### TASK BRIEF
Look through the records, and wherever the string "with" turns up, copy out that line.

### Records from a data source
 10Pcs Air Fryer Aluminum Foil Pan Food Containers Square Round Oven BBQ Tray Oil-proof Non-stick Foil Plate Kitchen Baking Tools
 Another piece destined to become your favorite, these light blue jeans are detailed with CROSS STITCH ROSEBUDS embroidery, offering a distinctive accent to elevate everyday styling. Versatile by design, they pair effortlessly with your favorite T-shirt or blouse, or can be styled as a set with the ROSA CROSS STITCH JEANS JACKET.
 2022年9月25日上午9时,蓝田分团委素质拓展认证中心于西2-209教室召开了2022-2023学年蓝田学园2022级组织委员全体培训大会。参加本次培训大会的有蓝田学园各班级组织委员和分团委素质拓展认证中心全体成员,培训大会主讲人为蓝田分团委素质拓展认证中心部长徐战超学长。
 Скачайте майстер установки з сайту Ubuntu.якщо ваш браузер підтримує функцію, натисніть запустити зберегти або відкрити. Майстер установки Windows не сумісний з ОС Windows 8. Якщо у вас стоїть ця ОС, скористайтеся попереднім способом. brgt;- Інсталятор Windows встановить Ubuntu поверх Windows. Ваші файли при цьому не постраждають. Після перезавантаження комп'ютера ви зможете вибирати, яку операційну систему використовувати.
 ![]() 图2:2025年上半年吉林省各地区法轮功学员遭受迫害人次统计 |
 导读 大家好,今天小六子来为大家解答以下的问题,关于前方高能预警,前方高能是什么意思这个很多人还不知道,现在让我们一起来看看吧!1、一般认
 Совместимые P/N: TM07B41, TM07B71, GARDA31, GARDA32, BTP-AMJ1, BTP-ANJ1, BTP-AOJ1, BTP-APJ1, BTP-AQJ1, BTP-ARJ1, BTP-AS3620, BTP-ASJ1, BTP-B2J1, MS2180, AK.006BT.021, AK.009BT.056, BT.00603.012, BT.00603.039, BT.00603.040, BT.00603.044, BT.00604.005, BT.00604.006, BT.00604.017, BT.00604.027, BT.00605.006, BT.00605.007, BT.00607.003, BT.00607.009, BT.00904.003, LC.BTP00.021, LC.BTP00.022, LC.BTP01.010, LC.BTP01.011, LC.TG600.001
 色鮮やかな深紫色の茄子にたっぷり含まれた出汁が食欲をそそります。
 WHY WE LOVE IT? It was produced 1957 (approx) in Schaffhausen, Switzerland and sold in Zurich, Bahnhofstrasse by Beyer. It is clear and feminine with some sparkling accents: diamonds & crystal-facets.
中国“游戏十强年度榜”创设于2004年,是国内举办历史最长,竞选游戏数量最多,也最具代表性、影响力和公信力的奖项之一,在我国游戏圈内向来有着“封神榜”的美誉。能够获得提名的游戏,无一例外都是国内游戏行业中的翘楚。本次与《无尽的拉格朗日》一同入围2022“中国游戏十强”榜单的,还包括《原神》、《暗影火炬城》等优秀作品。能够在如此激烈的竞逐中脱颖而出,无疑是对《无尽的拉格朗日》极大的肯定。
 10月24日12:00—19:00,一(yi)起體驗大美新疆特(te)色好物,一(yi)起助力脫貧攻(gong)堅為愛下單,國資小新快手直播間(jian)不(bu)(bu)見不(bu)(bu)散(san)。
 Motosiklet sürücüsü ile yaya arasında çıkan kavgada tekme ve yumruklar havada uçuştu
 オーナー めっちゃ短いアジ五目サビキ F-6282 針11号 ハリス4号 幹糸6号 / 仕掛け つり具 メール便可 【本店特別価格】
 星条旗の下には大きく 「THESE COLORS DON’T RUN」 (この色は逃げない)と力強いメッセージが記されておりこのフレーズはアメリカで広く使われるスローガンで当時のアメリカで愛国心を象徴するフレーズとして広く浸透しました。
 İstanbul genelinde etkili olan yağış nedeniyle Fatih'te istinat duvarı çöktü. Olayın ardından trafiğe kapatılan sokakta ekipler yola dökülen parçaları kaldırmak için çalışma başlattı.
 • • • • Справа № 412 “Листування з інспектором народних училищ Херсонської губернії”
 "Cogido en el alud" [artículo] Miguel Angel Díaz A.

### RESULT OF THIS EXERCISE
 Another piece destined to become your favorite, these light blue jeans are detailed with CROSS STITCH ROSEBUDS embroidery, offering a distinctive accent to elevate everyday styling. Versatile by design, they pair effortlessly with your favorite T-shirt or blouse, or can be styled as a set with the ROSA CROSS STITCH JEANS JACKET.
 WHY WE LOVE IT? It was produced 1957 (approx) in Schaffhausen, Switzerland and sold in Zurich, Bahnhofstrasse by Beyer. It is clear and feminine with some sparkling accents: diamonds & crystal-facets.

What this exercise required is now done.